Miguel Uribe Turbay merupakan figur penting dalam politik Kolombia kontemporer. Ia adalah anggota Partai Pusat Demokrasi (Centro Democrático), partai konservatif yang didirikan oleh mantan Presiden Álvaro Uribe Vélez dan dikenal karena sikapnya yang keras terhadap kelompok bersenjata dan kebijakan populis kanan.
Miguel juga dikenal sebagai cucu dari mantan Presiden Julio César Turbay Ayala dan anak dari jurnalis Diana Turbay, yang tewas tragis dalam operasi penyelamatan sandera pada 1991 setelah diculik oleh kelompok yang dikendalikan oleh gembong narkoba Pablo Escobar. Latar belakang keluarga yang penuh gejolak serta karier politiknya yang cepat menanjak menjadikan Miguel sebagai simbol harapan baru di mata sebagian pendukung konservatif.
Tragedi penembakan ini kembali membuka luka lama dalam sejarah politik Kolombia yang dihantui oleh kekerasan sistemik. Pembunuhan terhadap calon presiden bukan peristiwa baru di negara ini; pada era 1980-an dan 1990-an, tokoh-tokoh seperti Luis Carlos Galán dan Jaime Pardo Leal juga menjadi korban politik brutal.

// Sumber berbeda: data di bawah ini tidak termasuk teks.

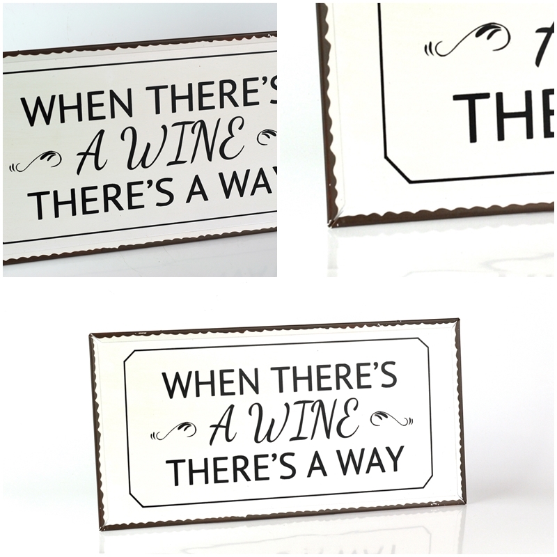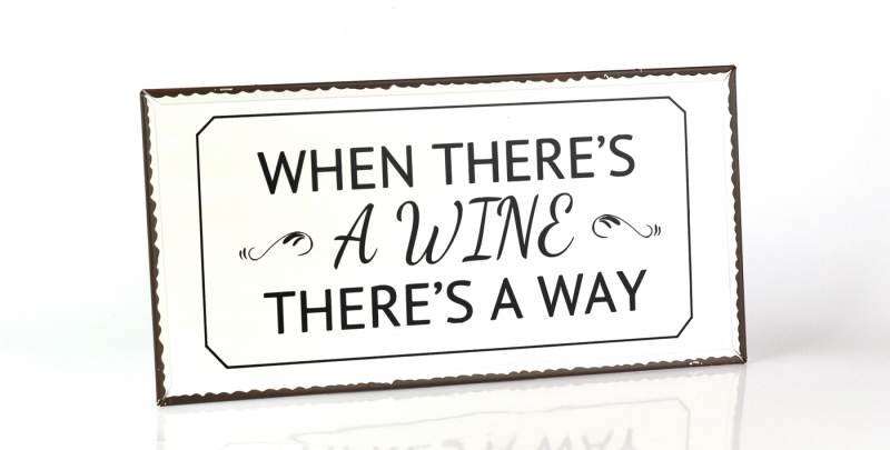 Cedule When theres wine 40x20cm je dalším kouskem ze setu plechových cedulí, které se týkají dobrého vína. Na této je napsáno "Když je víno, je i cesta".

Secara struktural, kejadian ini menunjukkan bahwa meskipun Kolombia telah menjalani proses perdamaian dengan kelompok-kelompok bersenjata seperti FARC, ruang politiknya masih jauh dari aman. Ancaman terhadap kandidat presiden mencerminkan ketegangan antara upaya demokratisasi dan resistensi kekuatan-kekuatan bersenjata—baik yang berasal dari kelompok kriminal, milisi sayap kanan, maupun kepentingan ekonomi-politik gelap yang menolak perubahan.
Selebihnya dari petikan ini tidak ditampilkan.